Aby dostać się dziś do Świnoujścia, trzeba płynąć promem - i czekać nieraz nawet kilka godzin. Wszystko miał zmienić tunel. Przetarg wygrała firma Astaldi, ale umowy podpisać nie chce. Miasto traci cierpliwość. - Mają czas do jutra, do 15 - mówi wiceprezydent.
Włoska firma Astaldi nie przedłożyła gwarancji bankowych potrzebnych do podpisania umowy w sprawie budowy tunelu. Ale to nie wszystko. - Nie ma z nimi nawet kontaktu. Straciliśmy cierpliwość - mówi w rozmowie z money.pl Barbara Michalska, wiceprezydent Świnoujścia.
Teraz miasto daje Włochom ultimatum: mają się stawić do jutra do godziny 15 na podpisanie umowy - ze wszystkimi niezbędnymi dokumentami.
Wiceprezydent podejrzewa, że kłopoty z wykonawcą biorą się z tego, że firma ma bardzo dużo innych projektów w Polsce. Przyczyną może być jej zdaniem też brak rąk do pracy w polskiej branży budowlanej. Niektórzy podejrzewają, że wpływ na sytuację ma też fuzja Astaldi z japońską IHI Corporation.
Co Astaldi na to ultimatum?
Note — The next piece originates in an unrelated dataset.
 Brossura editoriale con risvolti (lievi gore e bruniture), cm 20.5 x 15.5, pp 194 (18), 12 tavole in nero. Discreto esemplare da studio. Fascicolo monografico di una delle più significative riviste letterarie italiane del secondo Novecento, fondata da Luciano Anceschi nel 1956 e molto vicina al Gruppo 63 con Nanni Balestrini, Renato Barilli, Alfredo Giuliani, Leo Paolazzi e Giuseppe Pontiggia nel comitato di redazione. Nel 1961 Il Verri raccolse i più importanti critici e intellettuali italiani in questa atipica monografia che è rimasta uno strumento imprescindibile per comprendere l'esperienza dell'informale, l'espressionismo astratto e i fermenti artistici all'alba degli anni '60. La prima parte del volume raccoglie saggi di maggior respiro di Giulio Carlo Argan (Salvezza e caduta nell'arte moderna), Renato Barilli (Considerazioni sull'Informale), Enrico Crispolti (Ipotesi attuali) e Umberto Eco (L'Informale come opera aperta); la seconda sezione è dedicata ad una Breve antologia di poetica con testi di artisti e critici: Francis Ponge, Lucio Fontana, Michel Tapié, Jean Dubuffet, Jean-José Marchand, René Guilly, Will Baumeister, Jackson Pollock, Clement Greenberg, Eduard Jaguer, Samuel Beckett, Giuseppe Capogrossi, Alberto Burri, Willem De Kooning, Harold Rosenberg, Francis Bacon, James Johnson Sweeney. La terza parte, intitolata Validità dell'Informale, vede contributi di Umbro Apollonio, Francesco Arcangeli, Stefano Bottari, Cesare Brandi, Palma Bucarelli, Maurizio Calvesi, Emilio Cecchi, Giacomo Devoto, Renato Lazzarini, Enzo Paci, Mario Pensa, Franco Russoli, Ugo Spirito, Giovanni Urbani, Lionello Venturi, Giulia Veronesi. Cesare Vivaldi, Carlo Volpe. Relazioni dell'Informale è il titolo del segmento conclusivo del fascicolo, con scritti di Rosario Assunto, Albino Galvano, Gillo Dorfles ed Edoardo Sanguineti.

Polski oddział firmy przekazał nam, że sprawą zajmuje się obecnie centrala firmy. Jeśli coś ustali, to "pierwsze o tym dowiedzą się władze w Świnoujściu". Jednak Włosi zapewniają, że będzie też oficjalny komunikat w tej sprawie.
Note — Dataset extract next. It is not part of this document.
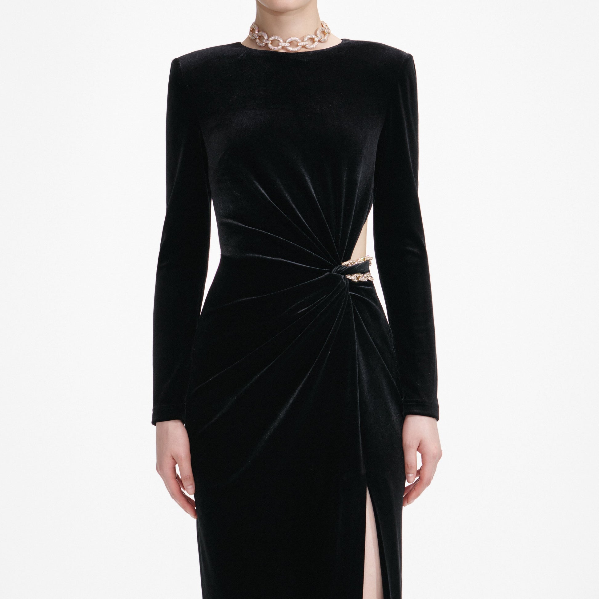 Cesur yan kesimler, bu siyah kadife maxi elbiseye dramatik bir hava katıyor. Çağdaş parlaklık için diamanté süslemeli altın zincirlerle detaylandırılmış – içindeki femme fatale’i yansıtmak için topuklu ayakkabılarla kombinle.
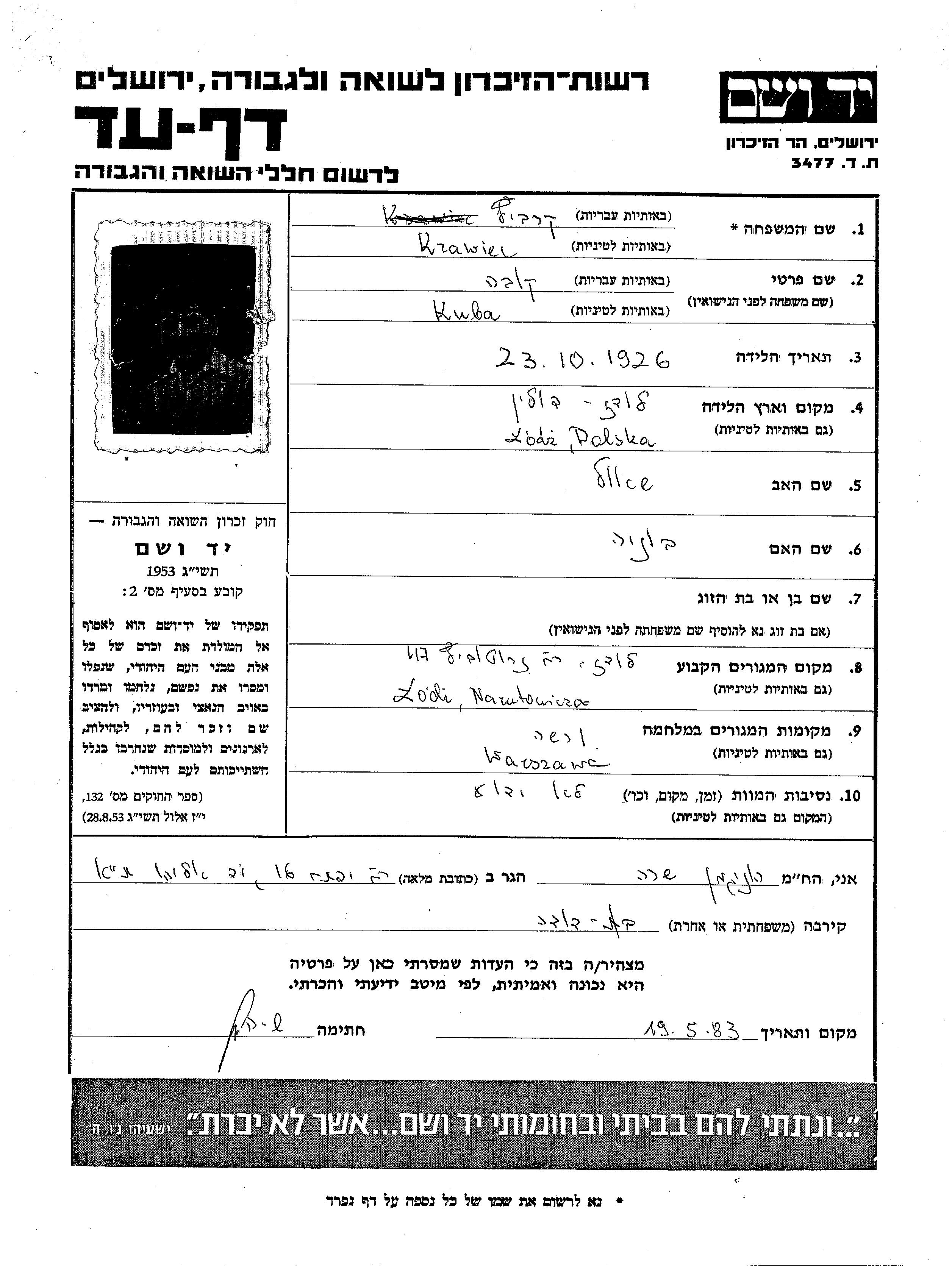 Krawiec Kuba 1926 Lodz, Pologne Feuille de témoignage

Wizualizacja tunelu, fot. UM Świnoujście
A co jeśli przedstawiciele włoskiej firmy jednak nie przyjdą? Czy kluczowa dla regionu inwestycja będzie pod znakiem zapytania, a do Świnoujścia jeszcze długo trzeba będzie pływać promem? Wiceprezydent mówi, że w tej całej sytuacji jest "pozytywny element".
Porr zamiast Astaldi? Tunel zyska nowego wykonawcę?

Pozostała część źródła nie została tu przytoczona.